His mother says his parents would be flying to Savannah when Mills IV was graduating from OCS in September: “Wish we were flying to Newport …shall be thinking of you with love and pride. So when you stand up there to be made an officer of the U.S. Navy – know that your Mother and Father are standing spiritually with you and will be trying to visualize what is happening.”

He counts the days until graduation, but takes pride in his success.

“After trial, tribulation, and some luck, I was appointed to a very modest student officer position.

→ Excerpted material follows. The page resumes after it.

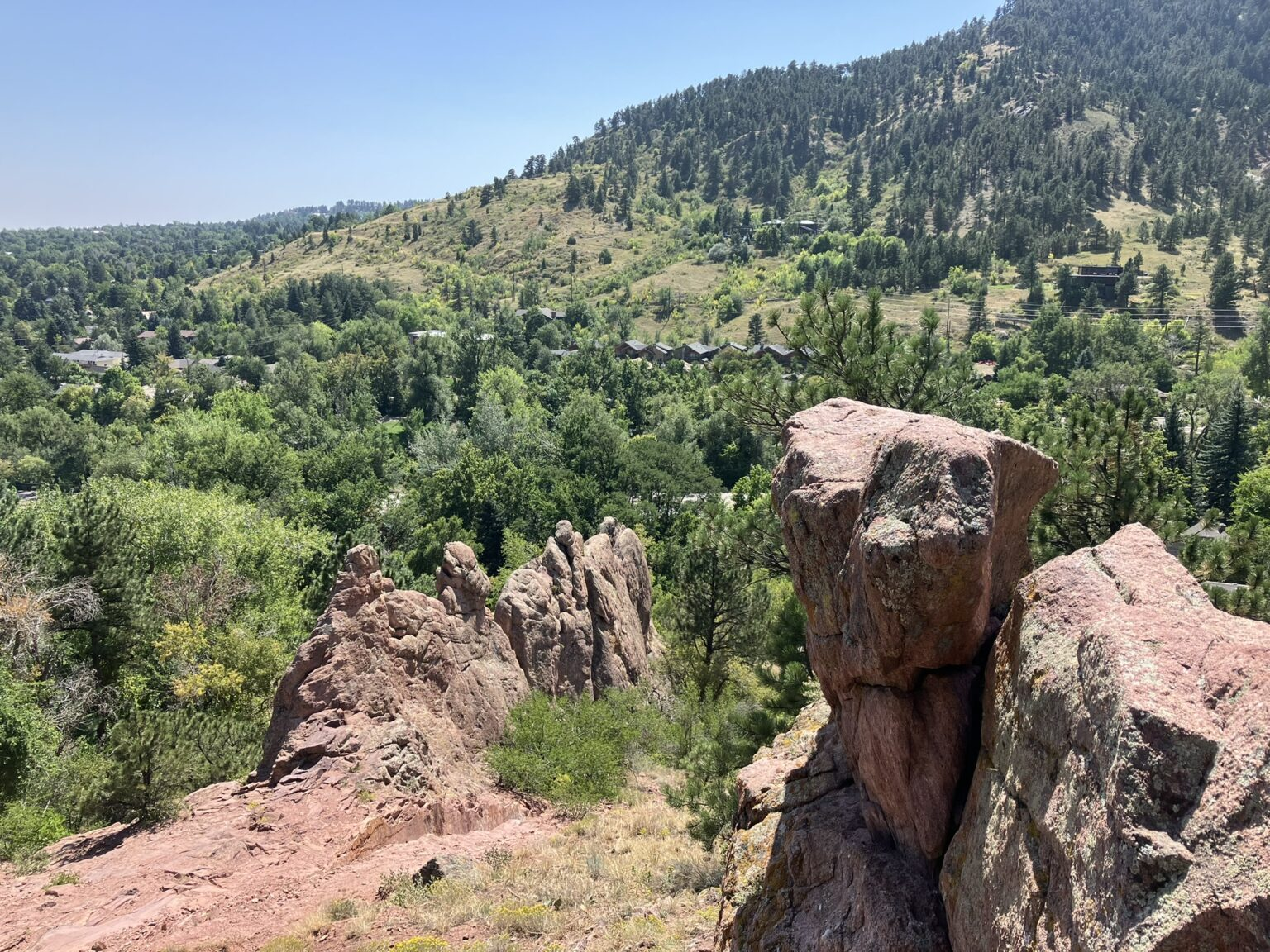 Where Pearl Street ends, west of downtown, is the People’s Crossing and its system of small trails, at the very start of Boulder Canyon. This is the city’s set of trails that people take, all fairly short trails, but some rugged, rising above the town. I walked the moderately difficult Red Rocks trail, about a mile round trip.

I’m in charge of taking the company to morning and evening mess, and I prepare the berthing and cleaning bills, plus a little more assorted paper work. It also means that I wear two bright brass bars on my collar, have a room steward to keep my room clean and neat (no more morning rush and calloused knees for me!), get liberty off base on Wednesday night while my friends study unhappy and disconsolate ‘aboard.’ Finally I have a room with a view of Naragansett Bay right outside our barracks; last night we could doze off to the tune of fog whistles.”

“Things are getting better and better at OCS. …  We had our last physical training tests (which are known derisively and fearfully as JFK’s for the man who suggested them for the Navy).”

His life is mapped out for the next several months.

“The name of my ship is the USS STURDY and its name sounds like something out of a second-rate WWII Pacific tale. I will be at Minesweeping school in Charleston for eleven weeks, starting Oct. 3. Then I will remain in Charleston for another three week course in “Supply Duties for Line Officers.” Minesweepers are not large enough for true Supply Officers, and so I suppose I will be in charge of ship’s stores, mess, laundry, and all of its administrative paper work. But I’ll have the best opportunity for real shiphandling aboard such a small ship, too.”

He isn’t sure where his ship would be deployed, but “an ocean-going minesweeper does take cruises to the Mediterranean.”

Rexanna Keller Lester is working on a book about Mills Bee Lane IV and his preservation legacy.